Top of Supplied information
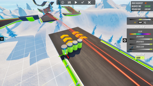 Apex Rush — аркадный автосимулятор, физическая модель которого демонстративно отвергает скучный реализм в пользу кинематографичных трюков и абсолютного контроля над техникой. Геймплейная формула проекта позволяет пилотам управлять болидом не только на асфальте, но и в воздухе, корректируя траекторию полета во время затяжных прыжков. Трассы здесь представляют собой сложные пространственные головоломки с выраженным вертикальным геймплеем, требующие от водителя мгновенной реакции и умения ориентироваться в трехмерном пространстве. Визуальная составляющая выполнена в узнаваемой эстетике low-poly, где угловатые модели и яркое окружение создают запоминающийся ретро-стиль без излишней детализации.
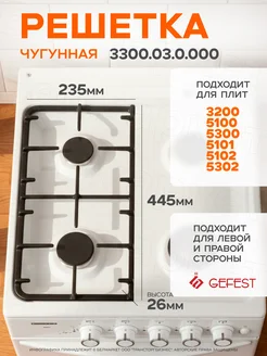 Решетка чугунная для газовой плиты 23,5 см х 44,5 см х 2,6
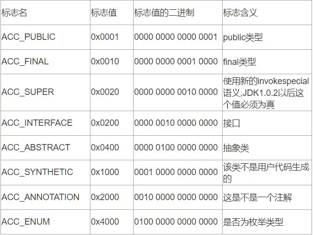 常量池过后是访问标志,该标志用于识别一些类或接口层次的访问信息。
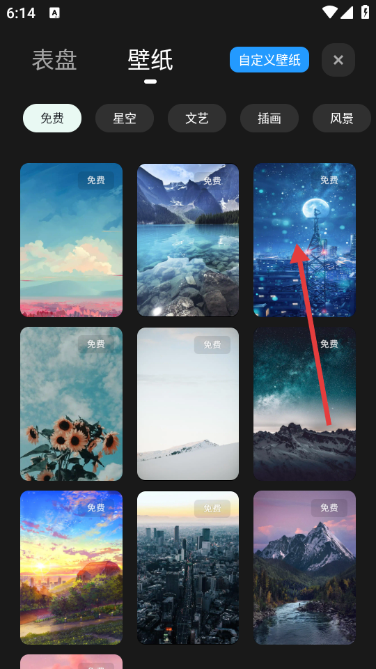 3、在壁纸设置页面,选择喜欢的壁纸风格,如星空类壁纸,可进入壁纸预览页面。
Bottom of Supplied information
Top of Supplied information
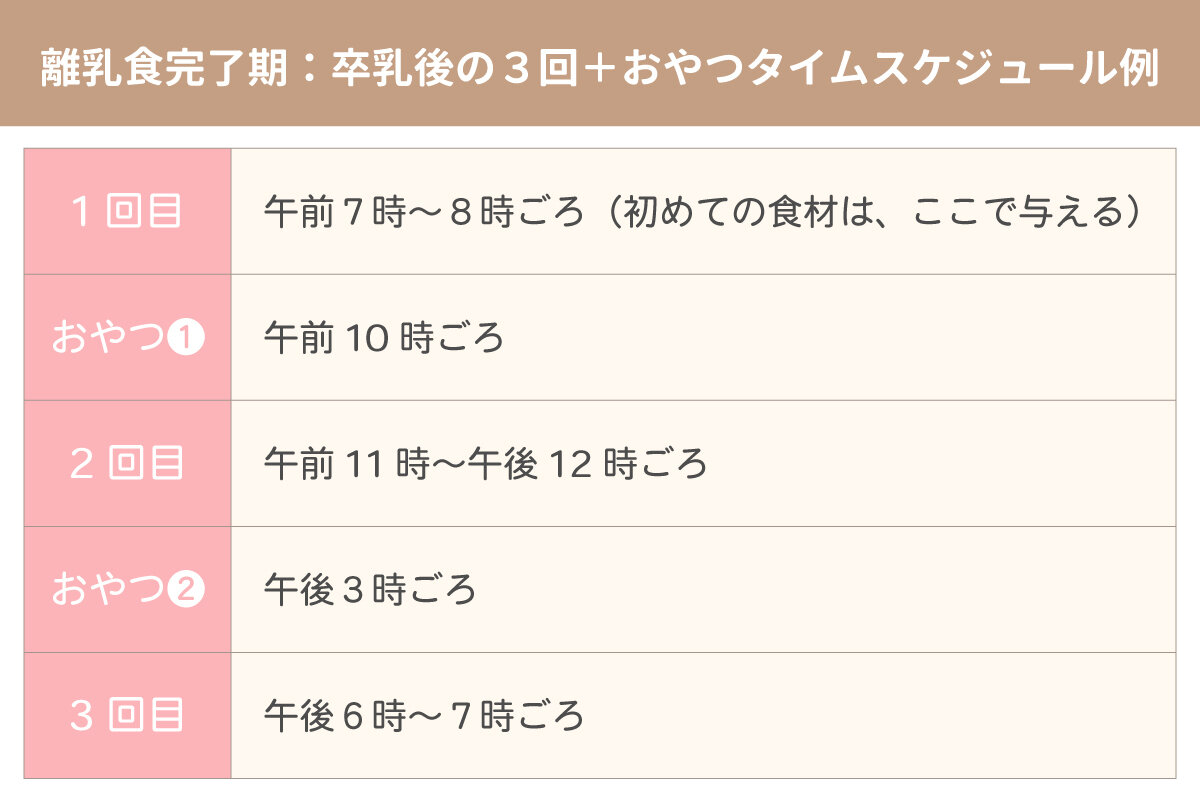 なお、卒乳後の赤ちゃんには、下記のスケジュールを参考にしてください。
Bottom of Supplied information
Task to complete: Copy exactly, without pictures, the lines above from the one with "Решетка чугунная для" down to the one with "3、在壁纸设置页面,选择喜欢的壁纸风格,如星空类壁纸,可进入壁纸预览页面。", inclusive.

Exercise answer:
 Решетка чугунная для газовой плиты 23,5 см х 44,5 см х 2,6
 常量池过后是访问标志,该标志用于识别一些类或接口层次的访问信息。
 3、在壁纸设置页面,选择喜欢的壁纸风格,如星空类壁纸,可进入壁纸预览页面。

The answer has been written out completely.